▸ **What you are asked to do**
Begin with the line below holding "Hi-Fi Stereo Sound: This" and go on through the line holding "Georg Jensen Margueritte", duplicating each line exactly and leaving out pictures.

[Data to process Boundary: Start]

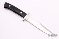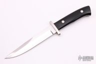 This Fighting knife by George Herron features a mirror polished blade with a sharpened top edge, .188" blade stock and 1.066" blade depth, full tapered tang construction. The handle has a stainless steel guard, black linen micarta scales with red liners. Comes with a zippered case. 2592 on the tang. Excellent Condition.
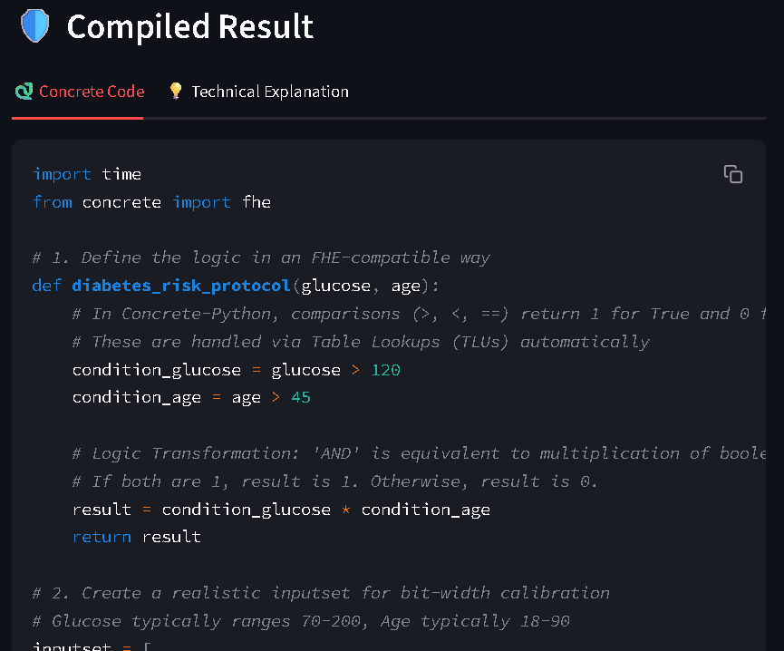 Concrete(Zama's FHE library) compatible code. It handles the strict constraints of FHE (no floating-point operations, bounded integers, bitwise logic). - Compilation & Execution: The generated code is compiled into an FHE circuit.
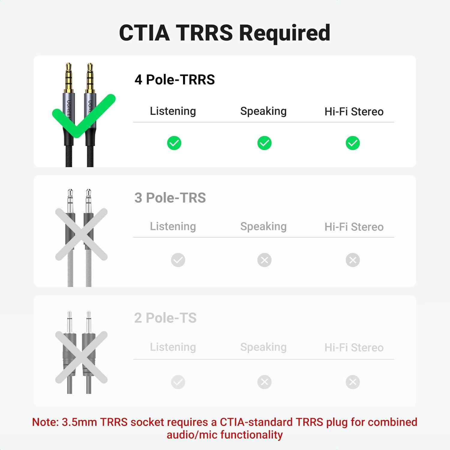 Hi-Fi Stereo Sound: This 3.5mm splitter with polished 24K Gold-plated connectors, oxygen-free copper wire ensures higher audio transmission without signal loss and noise. So the headset adapter remains original sound quality, offers better gaming and communication experience. Note: For functional microphone output, a 3.5mm CTIA-compliant TRRS cable is required. (OMTP/other standards will cause mic failure)
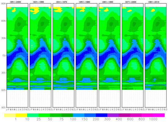 Hovmoeller diagram of zonal mean precipitation (mm/month) over the year for (left) GPCC’s precipitation climatology 1951–2000, and the different 30-year reference periods (second-left to right) 1931–1960, 1941–1970, 1951–1980, 1961–1990, 1971–2000 and 1981–2010.
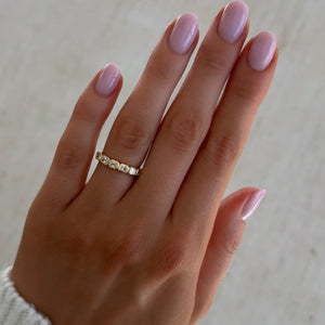 An eternity style band featuring a continuous loop of radiant cut diamonds. Each embraced by their own personal case of gold. The little sibling of the midi bezel set for a more dainty look.
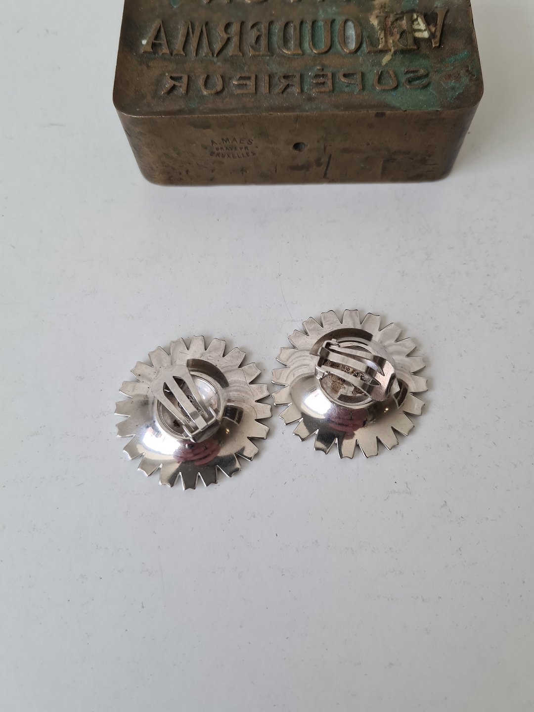 Georg Jensen Margueritte - Daisy øreklips i sterlingsølv og lyseblå emalje 3,2 cm.
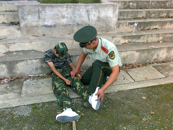 数控仪表1151班一位同学在军训时不小心扭伤脚踝,教官及时处理,关心学生,使学生们感受到了大家庭的温暖。
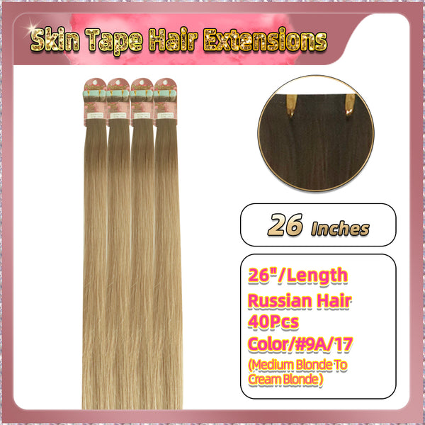 26'' Skin Tape Hair Extensions 40 PCs Standard Full Head (Blonde)
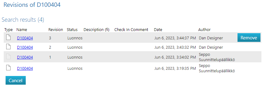 (1) Select the option Item/Model/Drawing/Document/... > Revisions.
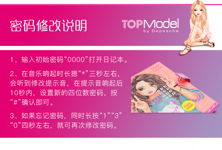 TOPMODEL TOPModel密码日记本(可爱粉)TOPC0410297
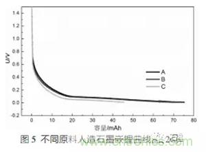 在扣電體系下,對電極為金屬鋰,放電工步對應的是嵌鋰工步。圖5為不同原料人造石墨的在大電流(2C)下的嵌鋰曲線圖。從曲線圖上可以看出:A的嵌鋰平臺最高。由XRD數據可知A的各項同性性能較好。
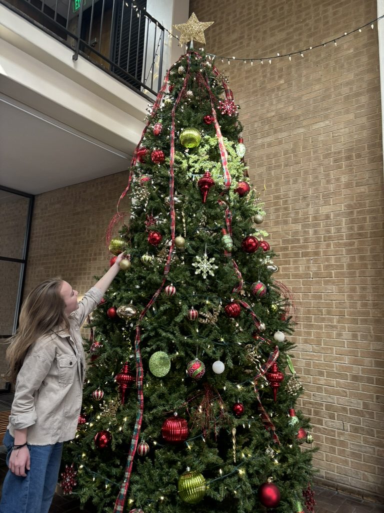 Professor O’Briant – Many of her traditions are linked to her family’s home in North Carolina. Her dad makes an annual batch of eggnog and delivers it around their small town to their friends and neighbors and he brings it with him while running errands in December to give to employees in gas stations or the bank. Christmas food always involves some sort of homegrown greens from her dad’s garden. O’Briant’s favorite Christmas movie is the original “Rudolph the Red-Nose Reindeer” from 1964.
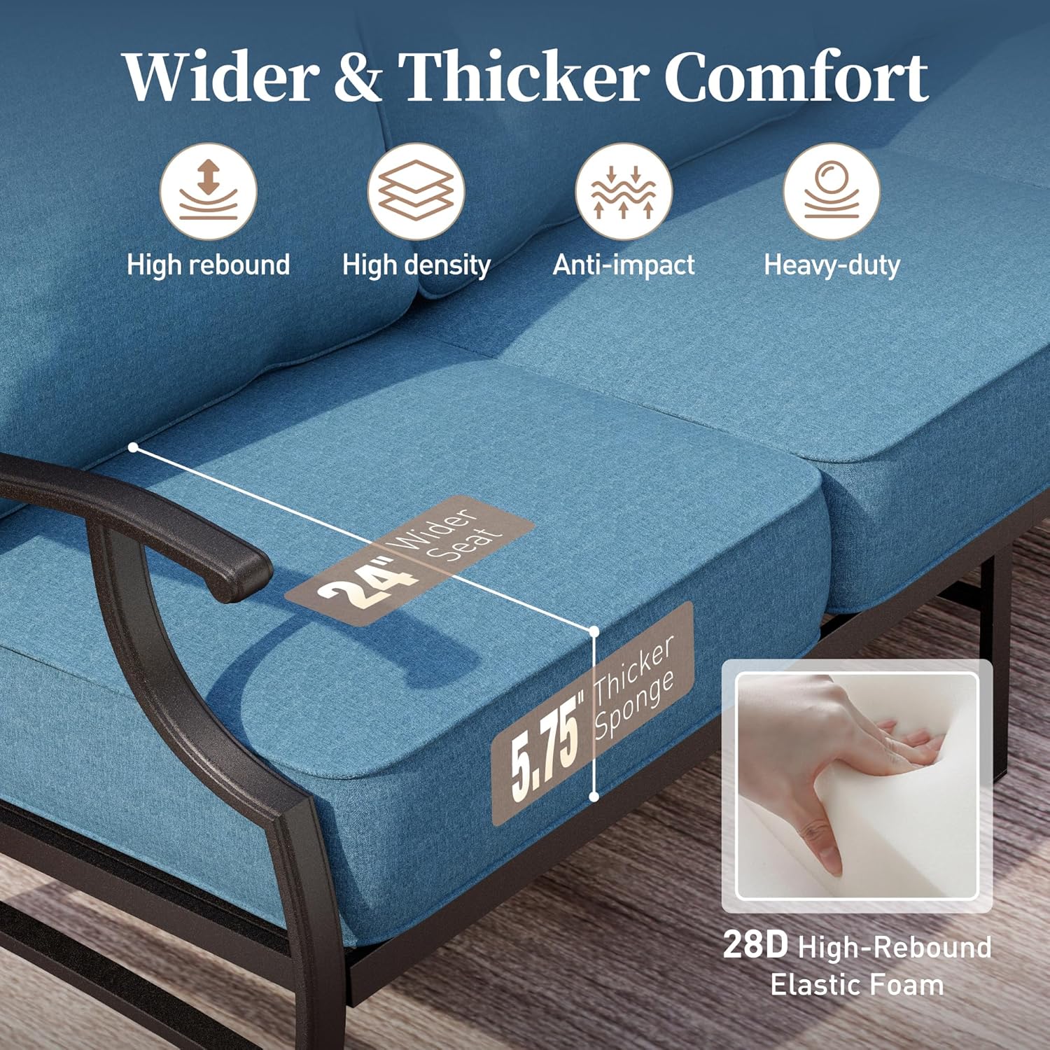- LUXURIOUS 5.75" EXTRA THICKER CUSHION: This metal patio rocker chairs comes with a 5.75-inch extra thick soft cushion filled with 28D density sponge with high resilience for comfortable sitting. Enjoy a comfortable ride even if you use it for a long time, and say goodbye to the worries of collapsing seat cushion

[Data to process Boundary: End]

▸ **Written solution**
 Hi-Fi Stereo Sound: This 3.5mm splitter with polished 24K Gold-plated connectors, oxygen-free copper wire ensures higher audio transmission without signal loss and noise. So the headset adapter remains original sound quality, offers better gaming and communication experience. Note: For functional microphone output, a 3.5mm CTIA-compliant TRRS cable is required. (OMTP/other standards will cause mic failure)
 Hovmoeller diagram of zonal mean precipitation (mm/month) over the year for (left) GPCC’s precipitation climatology 1951–2000, and the different 30-year reference periods (second-left to right) 1931–1960, 1941–1970, 1951–1980, 1961–1990, 1971–2000 and 1981–2010.
 An eternity style band featuring a continuous loop of radiant cut diamonds. Each embraced by their own personal case of gold. The little sibling of the midi bezel set for a more dainty look.
 Georg Jensen Margueritte - Daisy øreklips i sterlingsølv og lyseblå emalje 3,2 cm.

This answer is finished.